The trail is named for a diving bird that nests here. An anhinga is a dark water bird with long thin neck and long tail that is found in swamps in the Southern United States. We saw a few in Shark Valley as well as one at Disney Springs (formerly Downtown Disney). The anhinga has trouble flying while its wings are wet, so you will see them sunning themselves to dry off. They are also known for swimming through the water with only their long neck and head protruding.

(The above is one that we saw earlier in the day during the Tram Tour flying over Shark Valley.)

(We saw this one swimming with only its neck out in the Orlando area in the rain – not in the Everglades.)

If you are lucky, you will see one sitting drying its wings in the South Florida sun like this one (below) was doing on the Anhinga Trail boardwalk hand railing.

They are a lovely sight when drying their wings. We managed to see one two years later drying its wings while on the Everglades boat tour. We also saw one earlier that year in Congaree National Park through the telephoto lens on our Canon SX60.

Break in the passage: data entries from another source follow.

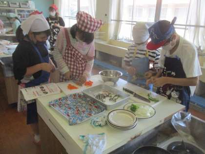 調理実習をしました。とても手際が良く、2時間授業の中で、調理・片付け・ふり返りまで余裕をもって、終えることができていました。
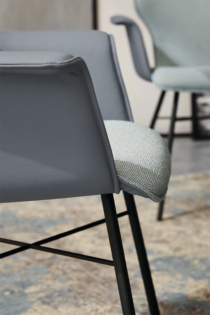 Doordat de Nevio eetkamerstoelen van Musterring zeer veelzijdig zijn kunt u bijvoorbeeld een statement maken door verschillende onderstellen om de eetkamertafel te zetten. Pas de lakkleur van het onderstel aan in combinatie met de bekleding en voilà… zo creëert u uw persoonlijke eetkamerstoel!
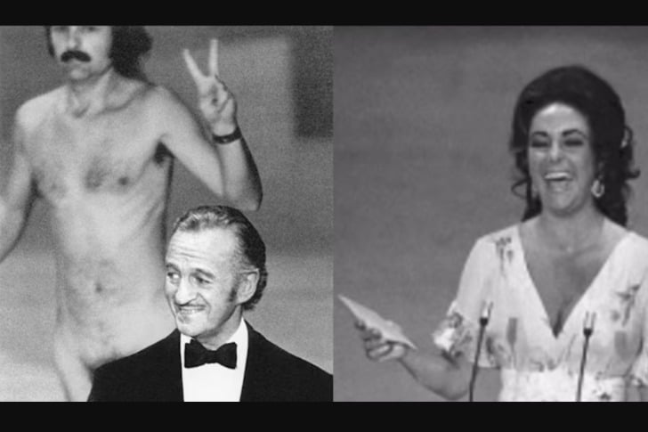 在大衛·尼文(David Niven)介紹伊莉莎白·泰勒(Elizabeth Taylor)頒發最佳影片獎的演講中,一位留著小鬍子的攝影師羅伯特·歐佩爾(Robert Opel)赤身裸體地從大衛·尼文身後衝過舞台,還比了一個和平手勢。現場觀眾震驚尖叫,樂隊也開始奏起一首不合時宜的曲子。尼文只能在直播中迅速反應,以一句關於該男子「不足之處」是他一生中唯一笑點的妙語來化解尷尬。
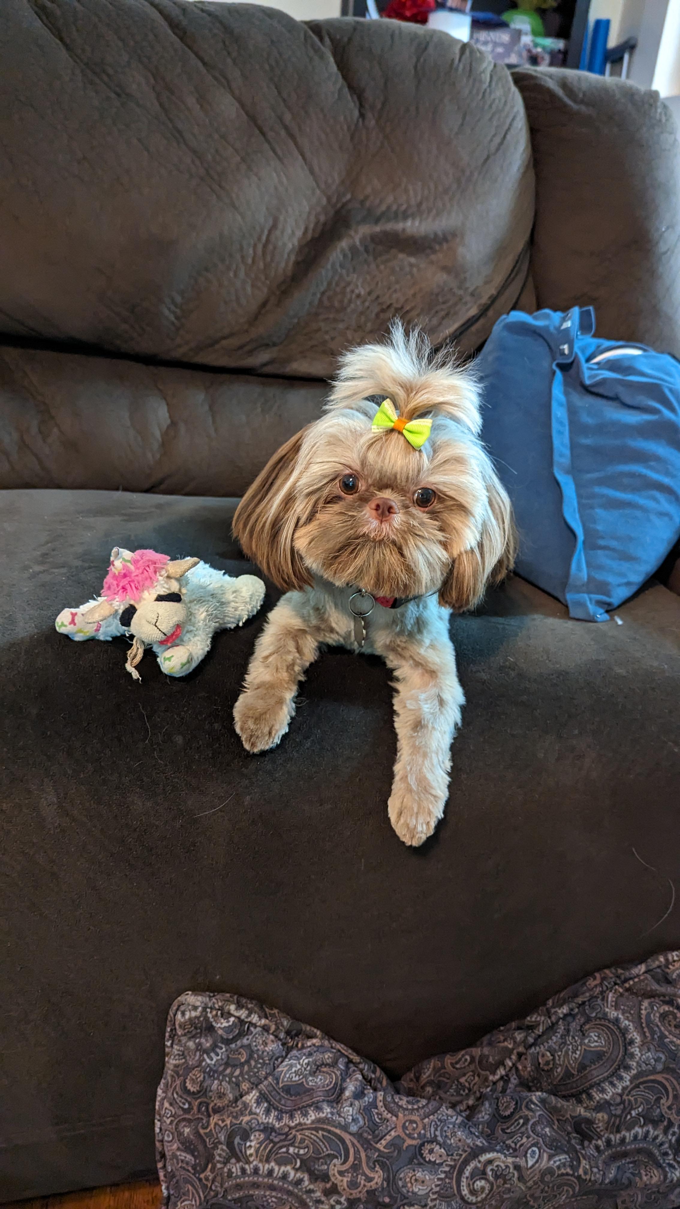 Chewy is a male Shih Tzu. Carefully selected as a great representative of his breed, Holly decided to make him part of their program. Holly has passed Good Dog’s screening process, which involved a review of their breeding practices, environment, and the mental and physical health of their dogs.
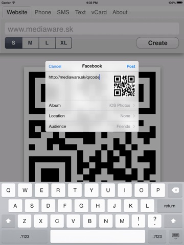 * Resulting QR Code can be saved in your Photo Album for later reuse and sharing, copy it to clipboard or print it

The Anhinga Trail also have a variety of other wildlife, including alligators, some of the largest grasshoppers I have ever seen, and fish. It is also known for its wading birds.

We came to the Anhinga Trail in the heat of the day in the summer after an action packed trip with the Shark Valley Tram Tour. We were a little disappointed because we had high hopes to get some good photographs of birds and yet didn’t see a single wading/diving bird. We also baked in the sun. We definitely saw the appeal of visiting the Anhinga Trail though – it was beautiful. So we’ll just have to come back in the winter and try again.

One of the coolest parts of our stop here was seeing a huge alligator basking in the sun right next to the boardwalk. We saw a few alligators swimming while we were at Shark Valley, as well as a few babies along the side of the road, but this was our first up close and personal encounter with an adult alligator.

How much time does it take to walk the trail? We would plan for a total visit time of approximately one hour. We walked at a leisurely pace looking for birds and gators, and we completed the trail easily in under an hour. If you actually do see birds in the marsh at the viewing platform, you may want to stay longer and observe.

Royal Palm Visitor Center

The Royal Palm area is the first major section of the park after the Ernest Coe Visitor Center at the Homestead entrance. This information station and bookstore are a little over a mile from the Homestead entrance to the park. Ranger-led walks and other events are conducted here. You will see the sign at the turnoff pointing you in the right direction.

Anhinga Trail Photos

The trail begins from the back of the visitor center and continues on a long paved section toward the boardwalk. There are a few benches along the way to rest. This photo was taken on our way back through this section and is looking back towards the visitor center.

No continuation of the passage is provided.